At December 31, 1995, Occidental had, for U.S. federal income tax return
purposes, a capital loss carryforward of approximately $21 million, a
business tax credit carryforward of $20 million and an alternative minimum
tax credit carryforward of $270 million available to reduce future income
taxes. To the extent not used, the capital loss carryforward expires in 2000
and the business tax credit expires in varying amounts during the years 2000
and 2001. The alternative minimum tax credit carryforward does not expire.

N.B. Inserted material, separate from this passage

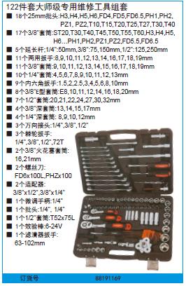 ·11个两用扳手:8,9,10,11,12,13,14,16,17,18,19mm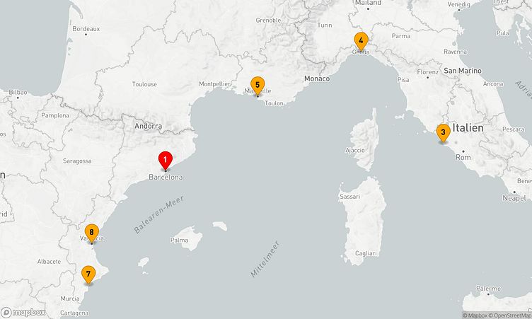 Ihre Route führt Sie unter anderem zu den faszinierenden Häfen von Barcelona, Rom / Civitavecchia und Marseille, wo Sie die Atmosphäre und das Leben vor Ort spüren können.

Occidental is subject to audit by taxing authorities for varying periods in
various tax jurisdictions. Management believes that any required adjustments
to Occidental's tax liabilities will not have a material adverse impact on
Occidental's financial position or results of operations in any given year.
11. Investments
Investments in companies in which Occidental has a voting stock interest of
at least 20 percent, but not more than 50 percent, and certain partnerships
are accounted for on the equity method. At March 31, 1996, Occidental's
equity investments consisted primarily of joint-interest pipelines,
including a pipeline in the Dutch sector of the North Sea, a 30 percent
investment in the common shares of Canadian
8
Occidental Petroleum Ltd. and various chemical partnerships. The following
table presents Occidental's proportionate interest in the summarized
financial information of its equity method investments (in millions):
Three Months Ended March 31, 1996 1995
============================ ======= =======
Revenues $ 192 $ 192
Costs and expenses 172 167
------- -------
Net income $ 20 $ 25
======= =======
12. Summarized Financial Information of Wholly Owned Subsidiary
Occidental has guaranteed the payments of principal of, and interest on,
certain publicly traded debt securities of its subsidiary, OXY USA Inc. (OXY
USA). The following tables present summarized financial information for OXY
USA (in millions):
Three Months Ended March 31, 1996 1995
============================ ======= =======
Revenues $ 234 $ 176
Costs and expenses 211 190
------- -------
Net income(loss) $ 23 $ (14)
======= =======
Balance at March 31, 1996 December 31, 1995
=============================== ============== =================
Current assets $ 142 $ 206
Intercompany receivable $ 416 $ 323
Noncurrent assets $ 2,041 $ 2,057
Current liabilities $ 248 $ 244
Interest bearing note to parent $ 113 $ 121
Noncurrent liabilities $ 1,278 $ 1,283
Stockholders' equity $ 960 $ 938
------------------------------- -------------- -----------------
13. Subsequent Events
In April 1996, Occidental completed the sale of its subsidiary which engages
in on-shore drilling and servicing of oil and gas wells for approximately
$32 million. In addition, certain assets of its international phosphate
fertilizer trading operation were sold for approximately $20 million. These
transactions will not result in a material gain or loss. Also in April,
Occidental completed the acquisition of a 64 percent equity interest in
INDSPEC Holding Corporation (INDSPEC) for approximately $87 million in
common stock. Under the terms of the transaction, INDSPEC's management and
employees retained voting control of INDSPEC.
9
ITEM 2. MANAGEMENT'S DISCUSSION AND ANALYSIS OF FINANCIAL CONDITION AND
RESULTS OF OPERATIONS
RESULTS OF OPERATIONS
Occidental's net income for the first quarter of 1996 was $134 million, on net
sales and operating revenues of $2.5 billion, compared with $178 million, on net
sales and operating revenues of $2.7 billion, for the same period of 1995.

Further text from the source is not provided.